<<<<

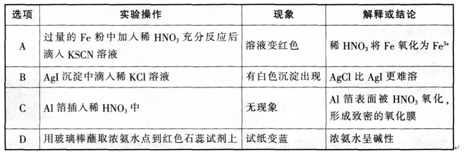 问题 下列有关实验操作,现象和解释或结论都正确的是(  )。
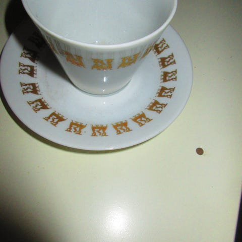 Korkeus n. 6 cm ja leveys n. 5,5 cm. Kuppiin kuuluu myös pieni tassi. Sopii nykypäivänä hyvin esimerkiksi espressokupiksi.
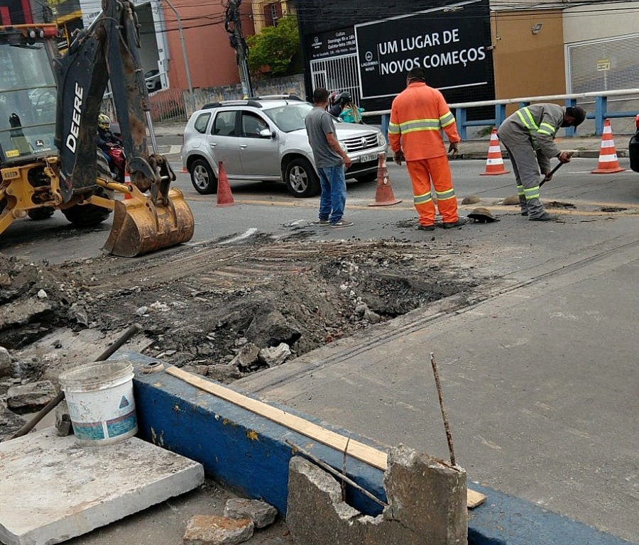 A Prefeitura de Mauá enviou uma força-tarefa ao Viaduto Prefeito Elio Bernardi (popularmente conhecido como Viaduto da Saudade) para resolver um problema de afundamento na via.
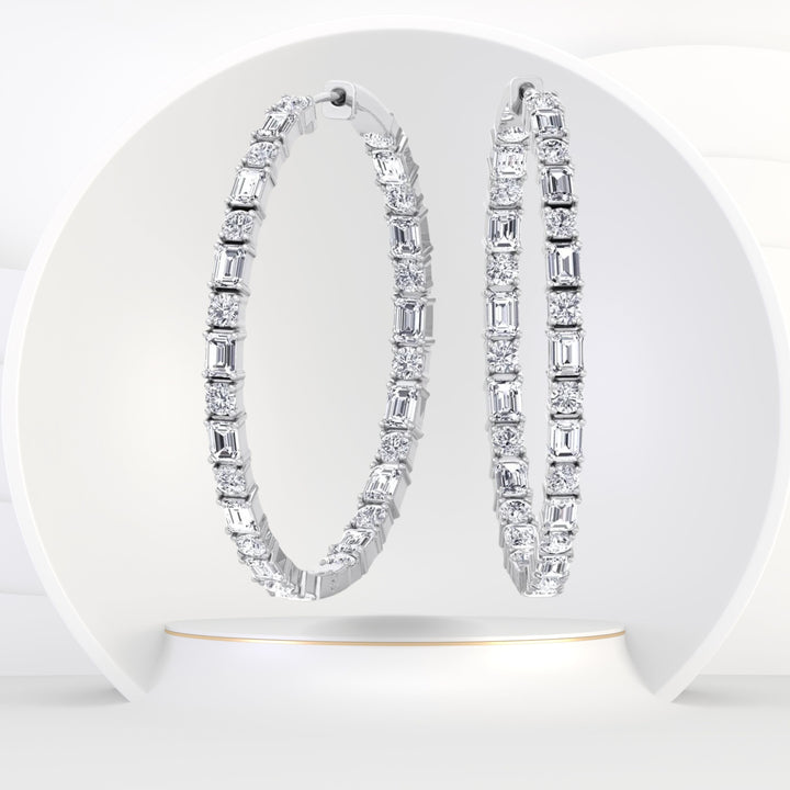 Altaire - Emerald and Round Cut Eternity Hoops - Gem Jewelers Co

>>>>

Each line of the data above must be reproduced as written. Skip the pictures.

 问题 下列有关实验操作,现象和解释或结论都正确的是(  )。
 Korkeus n. 6 cm ja leveys n. 5,5 cm. Kuppiin kuuluu myös pieni tassi. Sopii nykypäivänä hyvin esimerkiksi espressokupiksi.
 A Prefeitura de Mauá enviou uma força-tarefa ao Viaduto Prefeito Elio Bernardi (popularmente conhecido como Viaduto da Saudade) para resolver um problema de afundamento na via.
 Altaire - Emerald and Round Cut Eternity Hoops - Gem Jewelers Co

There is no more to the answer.